The following show the top 10 severe weather events that have caused the most damage to property in USD.
property_10 <- arrange(property_damage, desc(PROPDMGVAL))[1:10,]
property_10
## EVTYPE PROPDMGVAL
## 1 FLOOD 144657709800
## 2 HURRICANE/TYPHOON 69305840000
## 3 TORNADO 56935880614
## 4 STORM SURGE 43323536000
## 5 FLASH FLOOD 16822673772
## 6 HAIL 15730367456
## 7 HURRICANE 11868319010
## 8 TROPICAL STORM 7703890550
## 9 WINTER STORM 6688497251
## 10 HIGH WIND 5270046275
The following show the top 10 severe weather events that have caused the most damage to crops in USD.
crop_10 <- arrange(crop_damage, desc(CROPDMGVAL))[1:10,]
crop_10
## EVTYPE CROPDMGVAL
## 1 DROUGHT 13972566000
## 2 FLOOD 5661968450
## 3 RIVER FLOOD 5029459000
## 4 ICE STORM 5022113500
## 5 HAIL 3025954470
## 6 HURRICANE 2741910000
## 7 HURRICANE/TYPHOON 2607872800
## 8 FLASH FLOOD 1421317100
## 9 EXTREME COLD 1292973000
## 10 FROST/FREEZE 1094086000
Plotting the top 10 events that caused the most amount damage to properties and crops in the U.S. from 1950-2011.
p1 <- ggplot(data=property_10, aes(x=reorder(EVTYPE, -PROPDMGVAL), y=PROPDMGVAL / 1e+09, fill=PROPDMGVAL)) +
geom_bar(stat="identity", fill = topo.colors(10), color = "black") +
labs(x="", y="Cost of Property Damage ($ Billions)") +
labs(title="Top 10 Weather Events Causing Highest Property Damage") +
scale_y_continuous(breaks = seq(0,150, by=10)) +
theme(axis.text.x = element_text(angle = 45, hjust = 1), plot.title = element_text(size=8))
p2 <- ggplot(data=crop_10, aes(x=reorder(EVTYPE, -CROPDMGVAL), y=CROPDMGVAL / 1e+09, fill=CROPDMGVAL)) +
geom_bar(stat="identity", fill = terrain.colors(10), color = "black") +
labs(x="", y="Cost of Crop Damage ($ Billions)") +
labs(title="Top 10 Weather Events Causing Highest Crop Damage") +
scale_y_continuous(breaks = seq(0,15, by=2)) +
theme(axis.text.x = element_text(angle = 45, hjust = 1), plot.title = element_text(size=8))

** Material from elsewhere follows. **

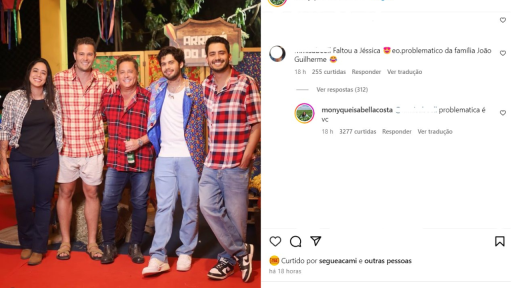 “Faltou a Jéssica e o problemático da família, João Guilherme,” disparou uma internauta nos comentários da foto. Monyque, então, fez questão de responder e rebateu o comentário desnecessário sobre seu irmão: “Problemática é você,” declarou a filha de Leonardo.

grid.arrange(p1, p2, ncol=2)
The plots show the total amount of damage in billions of dollars caused to property and crops. Both plots show the 10 top weather events that caused the most damage in descending order. Based on the plots above, we find that Flood caused the most property damage and Drought caused the most crop damage.
Over the last 60 years tornadoes have caused the most number of deaths and injuries among all other events. There have been more than 5300 deaths and more than 91000 injuries.
The most severe weather events in terms of propery damage is flood which caused a total of nearly $145 Billion dollars worth of damage. This is followed by Hurricanes/Typhoons and Tornadoes.
With regards to crop damage, drought caused the most amount of damage, nearly $14 Billion dollars. This was followed by floods, river floods and ice storms.